All the Small Things
Dream Big sweatshirt gifted by Ashleigh from her Zyia store. Check her out on Instagram.
Sometimes dreaming big isn’t about those out of reach high in the sky goals. But about the every day things you take for granted. Growing up, I never lost a close loved one. My grandparents, save one who I don’t remember meeting, all lived into their 80s. My mom had breast cancer in her late 30s but almost 40 years later, she is considered more than cured. My dad is looking at a knee replacement this month (keep him in your prayers) but it’s only just slowed him down. Not all are that lucky.
Lately it’s struck me how much of a gift it is to grow old. And, to grow old with the people you love. The last couple years have been a struggle. I went through a hard time while pregnant with my fourth. From health to friendships, it was a hard year. I learned a lot about myself and my relationships from friends to family. Loss doesn’t just happen through death but the termination of any relationship leaves an imprint on your heart. Last year, I lost the first person I never expected to lose (he should have outlived me by far) in one of the hardest ways possible. In a way, I am lucky, I was 34 years old.
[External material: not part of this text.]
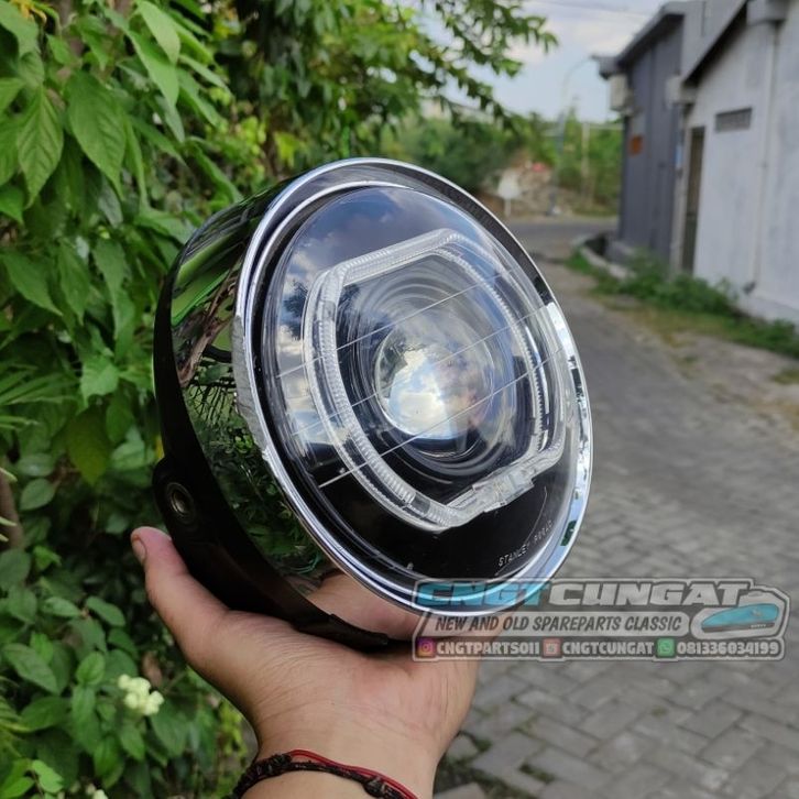 Lampu Reflektor Depan Biled Set Batok Tiger Barong 7 Inch Megapro Scorpio

Lately, I feel surrounded by those who aren’t so fortunate. Mothers who never held their baby. Families who lost little sisters. Spouses left without a partner. Friends who have to say goodbye too soon.
Every night, I think of those touched by tragedy as it seems like I am surrounded by it (maybe that’s just life as you age?). I pray for them. I pray for my loved ones. And, I thank God for every day I have with all of them. There is no bigger dream than to grow old surrounded by the ones you love.